FILTER Either "PASS" or a semicolon-separated list of failed quality control filters.
INFO additional information (TYPE=Variant_Type;DP=Depth;VD=number_of_Variant;AF=Frequence_of_Variant).

Variant Types:

Type Name Example
SNV Single Nucleotide Variant (=SNP) A => T
MNV Multiple Nuclotide Polymorphism GC => AT
Insertion Insertion of Nucleotide ATT => AGTT
Deletion Deletion of Nucleotide ACGG => ACG
Complex Combination of snp/mnp ATTC => GTTA

Core File

Input File

  • a set of Snippy folders which used the same reference sequence (--genome).

Output Files

Extension Description
.aln A core SNP alignment in the FASTA format
.full.aln A whole genome SNP alignment (includes invariant sites)
.tab Tab-separated columnar list of core Variant sites with alleles and annotations
.nway.tab Tab-separated columnar list of all Variant sites with alleles and annotations
.vcf Multi-sample VCF file with genotype GT tags for all discovered alleles
.txt Tab-separated columnar list of alignment/core-size statistics
_density_filtered_keep.vcf Tab-separated columnar list of core Variant sites with alleles and annotations which are filtered by density
_density_filtered_unkeep.vcf Tab-separated columnar list of core Variant sites with alleles and annotations which are reject after the density filter
_density_filtered_keep_SNP_dist.tsv Distance Matrice of all sample between themselves
SNP_network Phylogeny Network

Quick Start

Download Data Test

if you want to test Pylosnipping with data test you must have SRA toolkit. You can download SRA toolkit with this command.

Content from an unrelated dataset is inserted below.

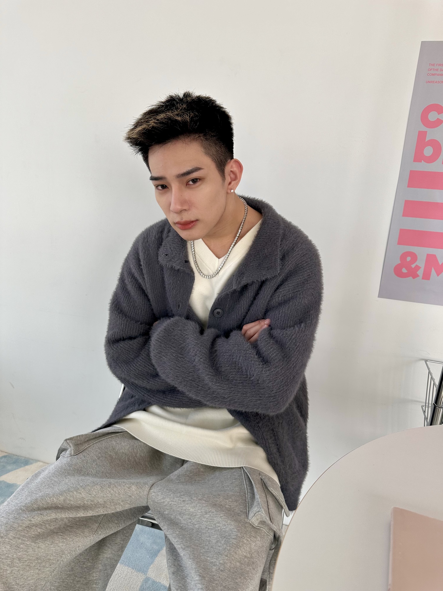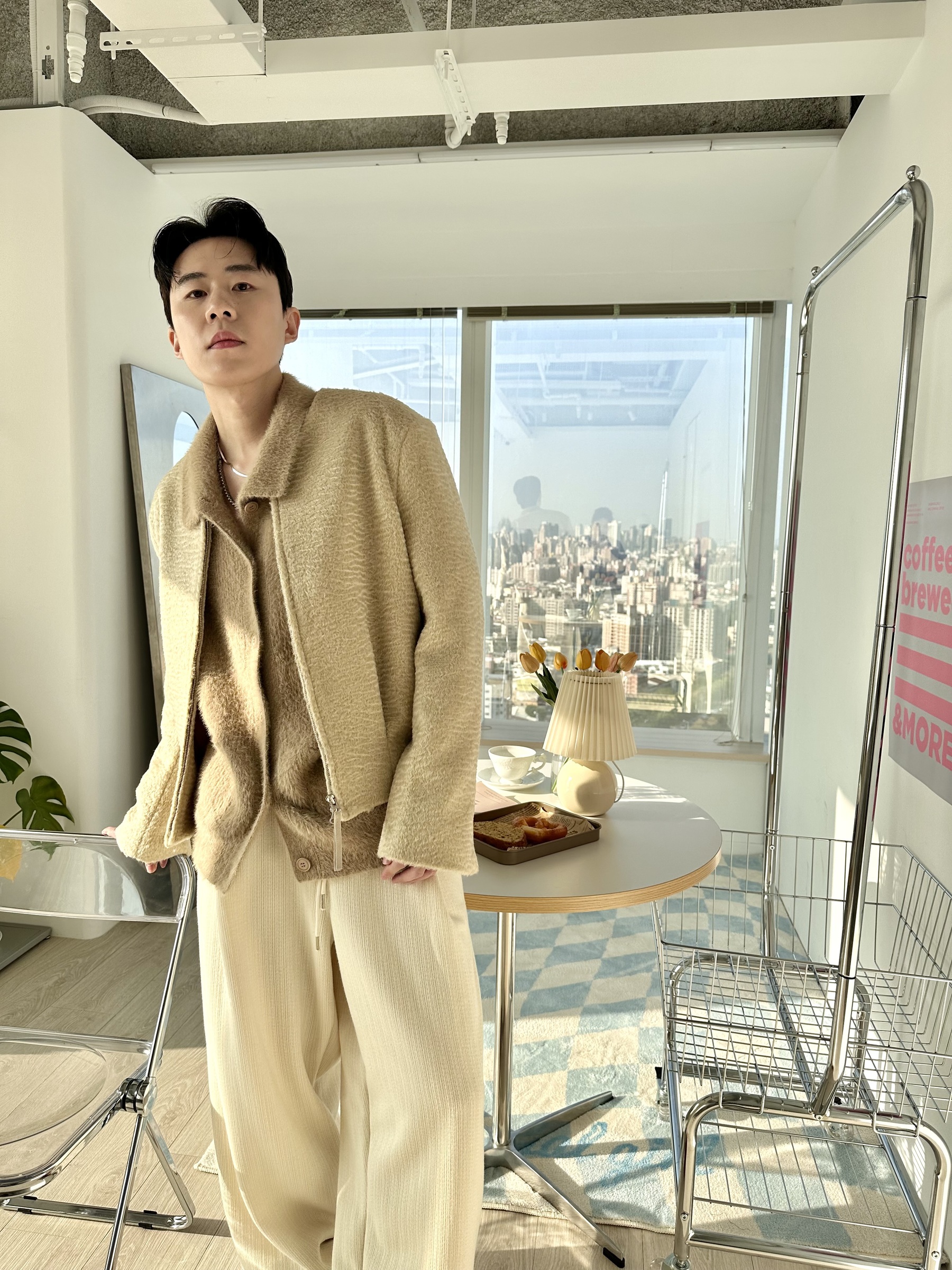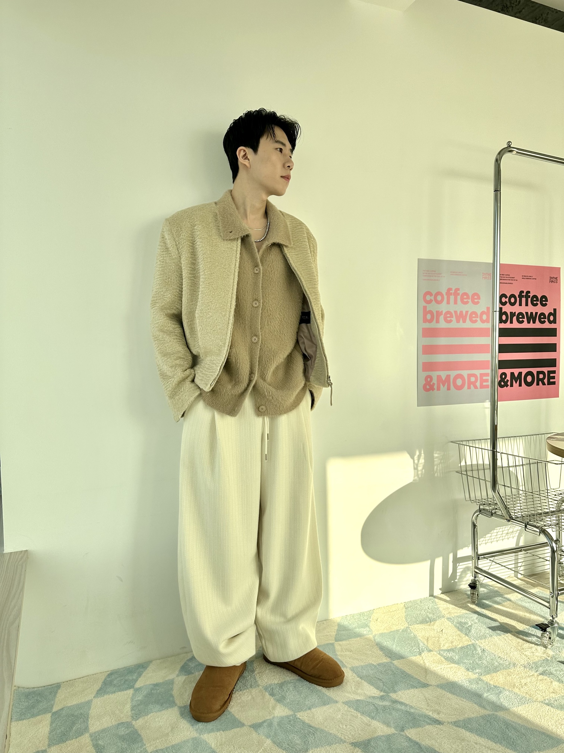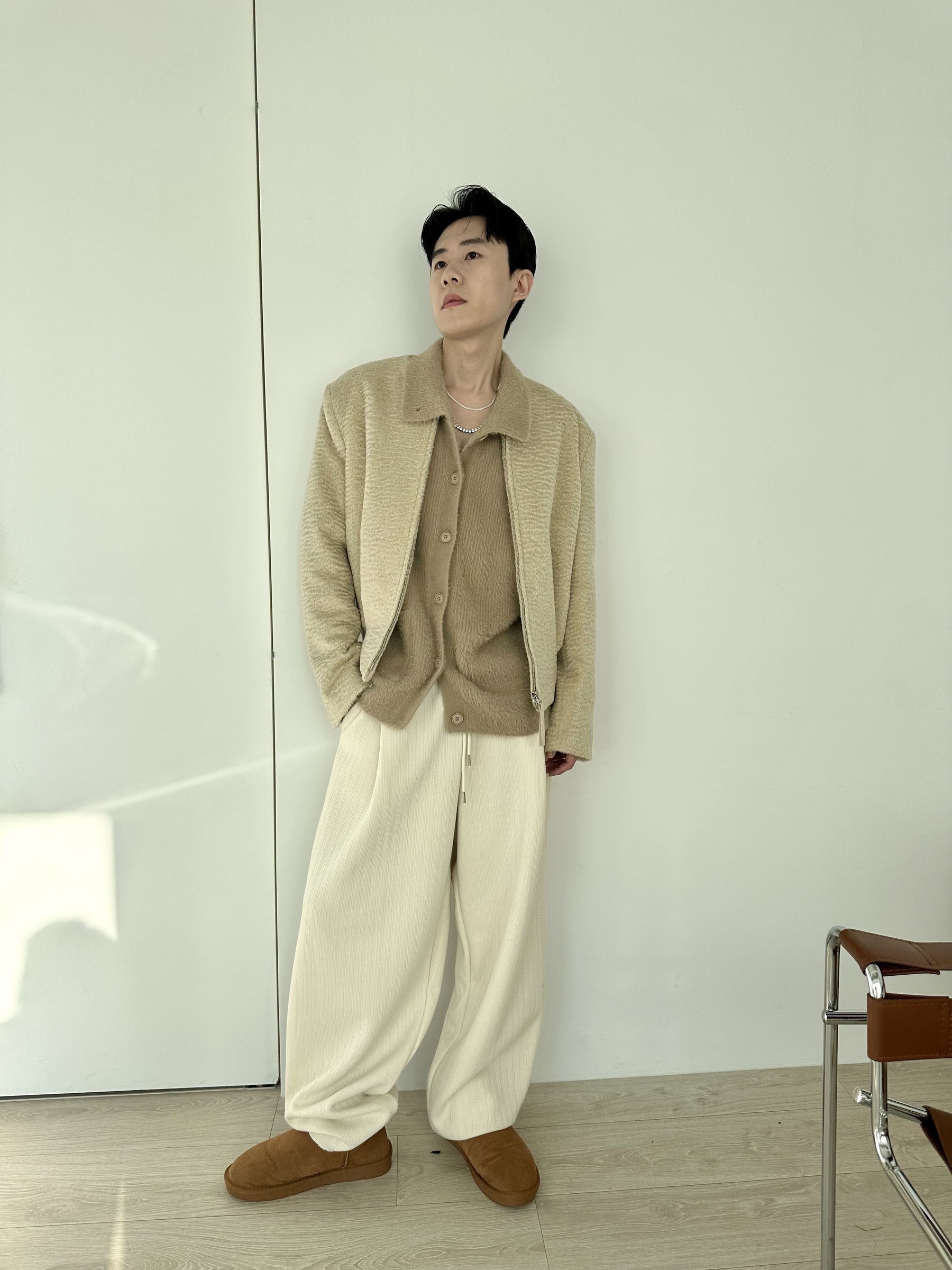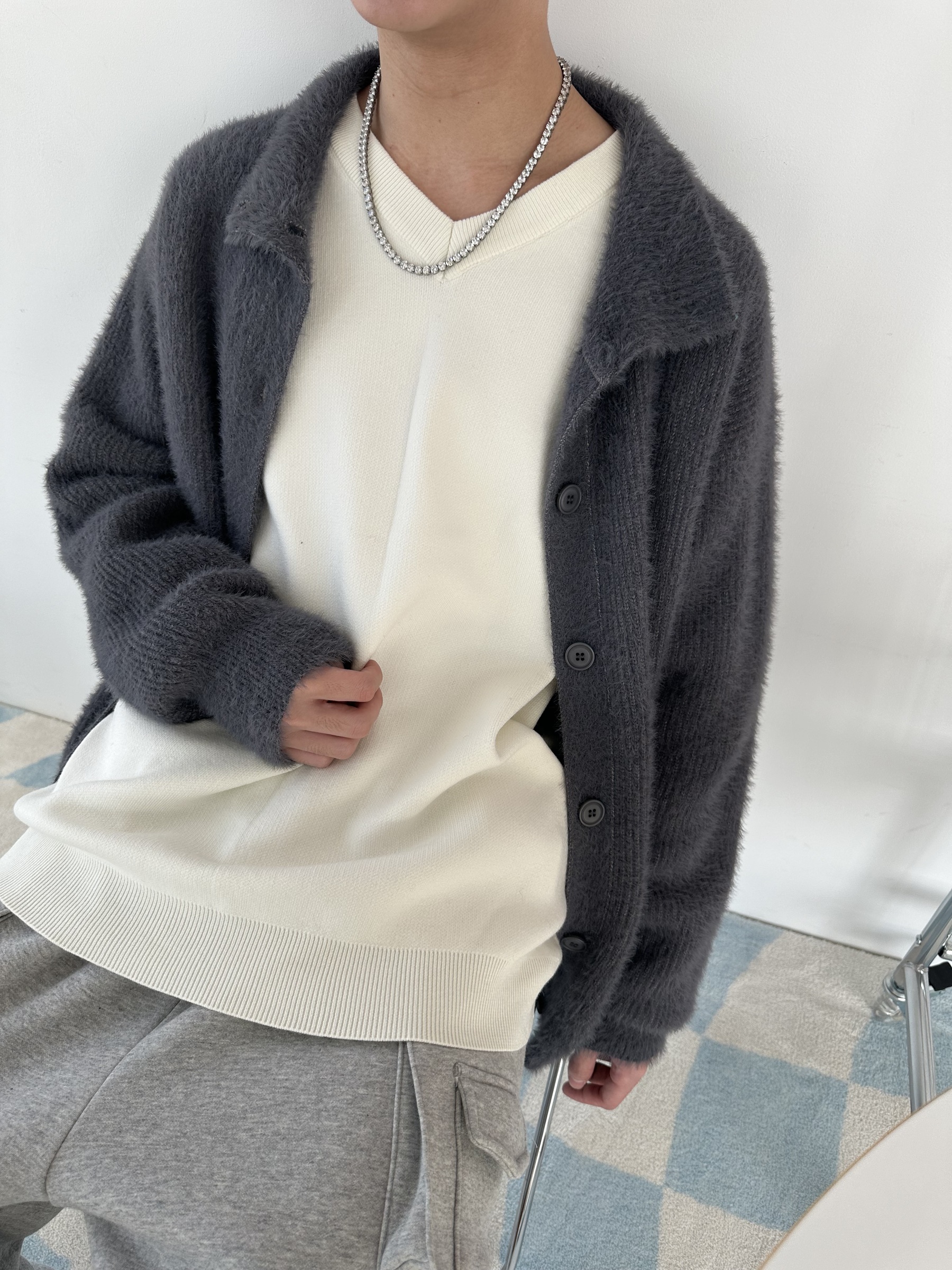 馬海毛布料,不會太厚,台灣日常當個小外套搭配非常好用

wget http://ftp-trace.ncbi.nlm.nih.gov/sra/sdk/2.4.1/sratoolkit.2.4.1-ubuntu64.tar.gz
tar xzvf sratoolkit.2.4.1-ubuntu64.tar.gz

Data which will be download come from this

cd where/you/want/to/install/Phylosnip/test
for i in `cat SRR_Acc_List.txt`; do ~/where/is/sratoolkit.2.9/bin/fastq-dump --split-files $i; gzip -9 $i*; done
sudo apt install rename
for b in `awk '{print "s/"$11"/"$8"/";}' SraRunTable.txt`;do rename `echo $b` *; done
wget https://www.ncbi.nlm.nih.gov/sviewer/viewer.cgi?tool=portal&save=file&log$=seqview&db=nuccore&report=fasta&id=378697983&

Execute Phylosnipping

cd where/you/want/to/install/Phylosnip/test
/fastq2phylotreeV1.py -input test -g test/sequence.fasta -o where/you/want/your/resut

Requirements

  • Java = 1.8
  • Perl >= 5.12
  • R >= 3.2.5
  • Python 3.6
  • Perl Modules : bioperl >= 1.6
  • snippy >= 4.3.5
  • picard.jar >= 2.18.8
  • GenomeAnalysisTK.jar >= 4.0.11.0
  • samtools >= 1.7
  • bwa mem >= 0.7.12
  • bcftools >= 1.7
  • GNU parallel >= 2013xxxx
  • snpEff >= 4.3
  • bedtools >= 2.0
  • bcftools >= 1.7
  • minimap2 >= 2.0
  • vcflib >= 1.0 (vcfstreamsort, vcfuniq, vcffirstheader)
  • snp-sites >= 2.0
  • seqtk >= 1.2
  • samclip >= 0.2
  • readseq >= 2.0
  • vt >= 0.5
  • vcflib >= 1.0

For Linux (compiled on Ubuntu 16.04 LTS) some of the binaries, JARs and scripts are included. And the binaries can be install with the file setup.sh.